Animals

Demeter was a member of the AEW and an agricultural powerhouse.  I knew that.  Had no idea what it meant.  Apparently, it meant crops, and animals.  Alcibus and pomes and other things in endless rows, and animals like nothing I’d ever seen. I rode the buses all day that first day, picking up what I could in the way of conversation.  The large animals were horses.  Used for work and pleasure and sport – never eaten.  The small, fluffy animals were sheep.  Used for mowing and milking and cheese making – never eaten.  At least in theory.

That’s what it meant to be a member of the AEW, the Affined Equi Worlds, of which there are eleven.  Lots of horses and no meat.  In order to even apply for membership a planet has to be primarily vegetarian.  I wondered briefly if I’d starve eating just plants.  It makes me laugh to think about it now, but it was a concern at the time.  I imagined endless rounds of beans and bread and was dismayed, which tells you how far I’d come from near starvation.

We were at breakfast the second day when a short, skinny man with bread stuffed in one cheek commented, “Always plenty of work around here.”

My ears perked up.  “That would suit me,” I said.  

Hard work,” he said, swapping the bread to the other cheek and adding stewed fruit to his mouth.  

I’m used to hard work,” I said, and it was true.  Luckily. 

He, who turned out to be Max, steered me to his brother-in-law, who shipped kartfels to Tarkelia, and needed men to hoist boxes from the fields onto the trailers that would carry them to the spaceport.  I was tall.  I was hired.  After the first day I spent some of my credits on a good pair of gloves.  I wore them out in two weeks.  I went every evening back to the boarding house and casual conversation, and I was generally happy if not content.  

Kartfel harvest was over in six weeks – early, mid-season and late, all shipped – and I was out of a job. 

You need to get a job working with horses,” Max observed, “steadier work with winter coming on.” 

I couldn’t argue.  The nights had a snap that required a comforter, and the mornings were dappled with frost. I picked up work by word-of-mouth harvesting and boxing pomes, then some work for a few weeks tossing bales of hay onto a conveyer, stacking bales of hay in huge barns, and guiding loads of grain into silos for feeding through the winter.  In doing that, I learned that part of everything everybody grew, went into storage on Equus.  

Then if any planet in the AEW runs short, it gets shipped out to them.” 

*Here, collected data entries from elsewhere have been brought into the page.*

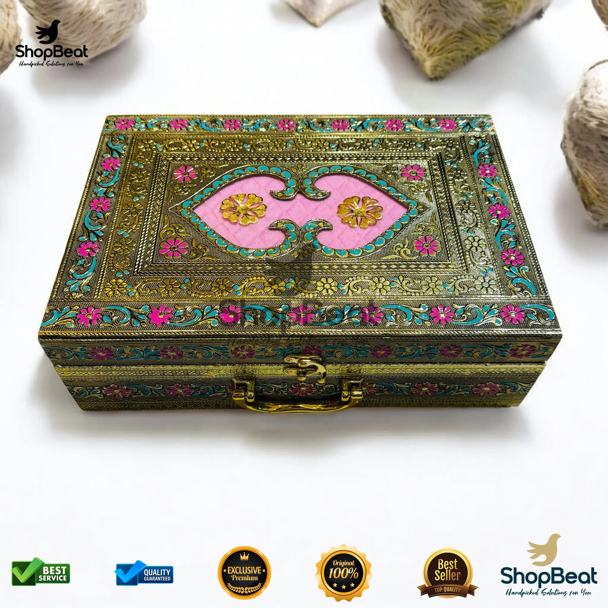 The ShopBeat Golden Oxidised Pink Velvet Dry Fruit Box With 6 Glass Jar is a luxurious handcrafted gifting box that brings elegance and tradition together. Designed with an oxidised golden finish and soft pink velvet, this decorative box is perfect for festivals, weddings, and corporate gifting.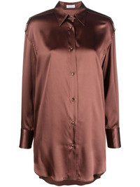 Monili chain detail shirt Defined by the iconic Monili chain detail, Brunello Cucinelli presents this shirt. Crafted from silk in a chocolate brown hue, this piece features epaulettes on the shoulders that are embellished with the signature Monili element. Highlights - Brown - Silk blend - Classic collar - Front button fastening - Epaulettes - Signature monili chain detail - Curved hem - Long sleeves Made in Italy Composition Eco Brass 100%, Silk 96%, Spandex/Elastane 4% SIZE & FIT Model measurements Height 5 ft 10 in(1.77 m) Bust/Chest 32.67 in(83 cm) Hips 35.43 in(90 cm) Waist 23.62 in(60 cm) FittingInformation This piece fits true to size. We recommend you get your regular size Cut for a loose fit Made with a lightweight stretch fabric Washing instructions Dry Clean Only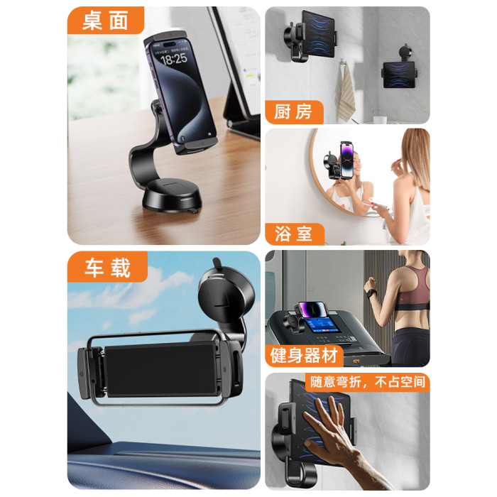 吸盤式牆壁平板手機支架免打孔吸附牆面上粘貼固定夾子壁掛通用神器磁吸ipad衛生間厠所浴室鏡子玻璃廚房專用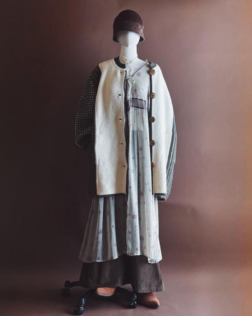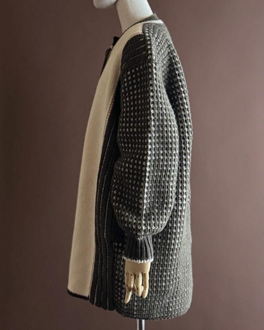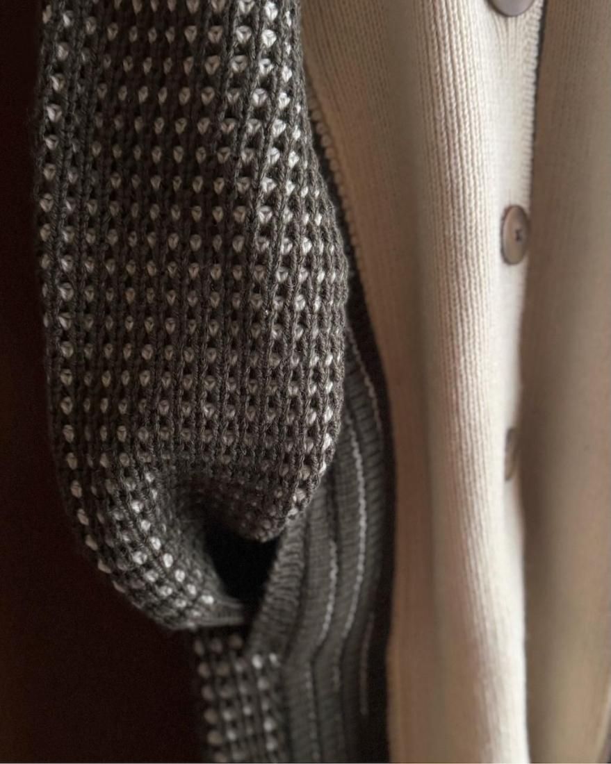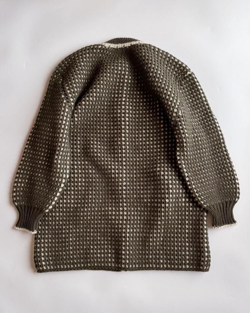 カーディガン、というよりはニットコートのような感覚で着こなせるしっかりと厚手の風合いです。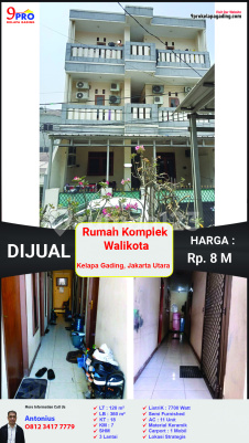 DIJUAL / DISEWAKAN – Rumah di Komplek Walikota, Kelapa Gading, Jakarta Utara Temukan rumah besar di lokasi prestisius Kelapa Gading, Jakarta Utara. Rumah ini menawarkan ruang luas dan fasilitas lengkap yang sangat cocok untuk keluarga besar, tempat usaha, atau investasi properti. Dengan 18 kamar tidur dan 7 kamar mandi, properti ini menjamin kenyamanan maksimal di salah satu kawasan paling diminati di Jakarta Utara. Lokasi Strategis di Kelapa Gading: Terletak di lingkungan eksklusif dan tenang. Dekat dengan berbagai pusat bisnis, mal, dan fasilitas umum di Kelapa Gading. Akses mudah ke pusat kota, transportasi publik, dan jalan tol. Detail Properti: Luas Tanah: 120 m² Luas Bangunan: 360 m² Kamar Tidur: 18 Kamar Mandi: 7 Listrik: 7.700 Watt Air: PAM AC: 11 unit Garasi: 1 mobil Carport: 1 mobil Furnish: Furnished Lantai: Keramik Sertifikat: SHM Keunggulan Properti: Luas dan lengkap, ideal untuk tempat tinggal atau usaha. Lokasi strategis di kawasan Kelapa Gading yang bergengsi dan berkembang. Dekat dengan fasilitas sekolah, pusat perbelanjaan, rumah sakit, dan akses tol. Nilai properti terus meningkat, menjamin potensi investasi yang tinggi. Harga: Rp 8 M (Nego) Hubungi Sekarang: Telp: 08783737xxxx WhatsApp: ******** Email: 9progading99@******** Website: ********

It was my last day of working hay and grain, and my boss was handing out credits while he talked to me.  He handed me mine last and said, “You’re a good worker, Gideon.  If you’d like to move into the bunkhouse and work over the winter cleaning stalls and feeding horses, I’d be happy to give you a job. Half the credits you’re earning now, plus free room and board. 

I think I can do that,” I smiled.  With mixed emotions I gathered up my things, settled up and said goodbye to Mrs. Baxter, and moved on to my next adventure.